Have you ever wondered how many different ways people might write or express the same sentence? Handwriting has been used for centuries as a means of communication and a physical way of expressing thoughts. Although written communication today is often done digitally, scholars still insist on the many benefits of physical handwriting on cognitive development, literacy and enabling us to create mental pictures of the world. In fact, recent evidence has suggested that there may even be a relationship between our handwriting style and key personality traits.
At the Turing, while we’ve been virtually connecting throughout lockdown, we took a moment to disconnect from our keyboards to explore our diverse handwriting styles. We are proud to have taken part in National Inclusion Week from 28 September to 4 October 2020, an event created by Inclusive Employers to celebrate diversity and raise awareness of inclusion in the workplace.

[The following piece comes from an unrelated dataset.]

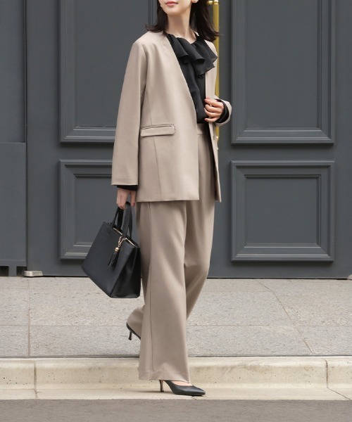 【商品説明】 オケージョンにも使える大人のセットアップパンツスーツです。 カラーレスジャケットは程よい抜け感で、パンツはすっきりとしたシルエットに仕上げました。 セットアップとしての着用はもちろん単品でもお楽しみいただけます。 【スペック】 裏地:あり 透け感:なし 伸縮性:ややあり ポケット:あり 重さ:(M/L)ジャケット:約499g / 約509gパンツ(レギュラー丈):約454g / 約468gパンツ(トール丈):約477g / 約492g ※ご覧のモニター環境により、商品画像と実物の色味が多少異なって見える場合がございます。 ★『お気に入り登録』で最新情報をGET★ ▼商品のお気に入り登録 セール・再入荷・在庫ラスト1点などの通知を受け取ることができます! ▼ブランドのお気に入り登録 新商品や再入荷などお得な情報を受け取ることができます! ◆ HUG.U / ハグユー ◆ 体型やライフスタイルに縛られず 「そのままの貴方」が輝く洋服。 Instagram:@hug.u__official 着用感など随時更新しております。 是非チェックしてみてください。 ※他のキャンペーンにより、期間中に価格が変動する場合があります。 ※セールは予告なく終了させていただく場合もあります。

During the week, we collected samples of handwriting styles across the Turing of the phrase "Each One Reach One", the theme of the week. We were interested in exploring whether we could visualise a diverse set of handwriting styles that might exist across the Institute.
A data science spin on National Inclusion Week: using autoencoders and dimensionality reduction techniques to visualise a web of diverse handwriting styles at the Turing.
Teaching machines to read our writing
Humans can naturally identify and recognise distinct styles and components of art, such as colour and pattern. Our handwriting consists of a multitude of unique characteristics that we can recognise with ease when reading another’s handwriting.
However, when we ask machines to do this digitally things become more complicated. Interpreting style from merely a grid of pixels is not a straightforward task. How can we teach machines to recognise style in order to explore how diverse our handwriting styles really are?
This brings us to recent advancements in deep learning, in particular convolutional autoencoders, which can learn to efficiently extract and encode visual features of an image in an unsupervised manner. They achieve this by attempting to reconstruct the original image from a compact representation they learn.
For this reason, they are often used in applications such as denoising and compression of images. In our case, we train a convolutional autoencoder to learn a low-dimensional representation of someone's handwriting from an input image of the same phrase (“Each One Reach One”).
Sharing the same phrase should force the model to focus on stylistic features, such as slanted-ness of writing, spacing or letter casing. That is, how it is written rather than what is written.
If the model can successfully reconstruct someone’s handwriting, then it might have learned informative characteristics that underpin style. We can then use these representations as a proxy for style of handwriting. What does this representation look like? The model learns to compress each image into a fixed-sized vector of 48-dimensions as well as decompress it back into the original image.
Having obtained a representation of each handwriting sample in a way that might encode its style, we can now explore how diversely a single phrase can be written. Alas, even though our encoded images of handwriting are smaller in size (48 versus 100 x 400 pixels), they are still too large to visualise on a 2-dimensional plot. To solve this issue, we use dimensionality reduction algorithms, UMAP and t-SNE, to project the representations of style onto a 2-dimensional plot whilst retaining the distance between samples (and hence, styles) in the learned representations.
Each point in the visualisation is therefore a sample of handwriting that's been encoded by the model and positioned based on their distance to other samples by UMAP or t-SNE. Styles that share features will be positioned closer on the plot. Each algorithm has unique properties which may result in different groupings and positioning of styles on the plot. For example, UMAP attempts to preserve global structure more strongly than t-SNE (e.g., the distance between separate clusters of points in addition to the distance between neighbouring points).
Connecting the dots
Finally, to aid visual interpretation, the points have also been coloured according to their average distance to other points using K-means, a common clustering algorithm used to automatically group data points. The code for the visualisation is available on GitHub.
You might notice some familiar fonts in the visualisation too, such as Times New Roman and Arial, which we included to showcase computerised styles alongside human ones.
So, what does the plot show? We observe a cloud of different handwriting styles, each with a unique place on the plot (hover over the points to see the original handwriting). Although in this analysis we don't know which exact features the model learns as informative towards assessing style, based on the distance between points we can see that these might include curliness or thickness of writing, for example.
It’s been great to put a data science spin on National Inclusion Week and to learn more about our colleagues. I'd like to thank these wonderful colleagues, in particular Khanisa Riaz, for their helpful comments and suggestions on the visualisation. This exploration also reflects the Turing’s approach to projects where everyone is encouraged to bring their own style. Despite all participants writing the same phrase, it is exciting to see how diverse the styles of handwriting across the Turing are!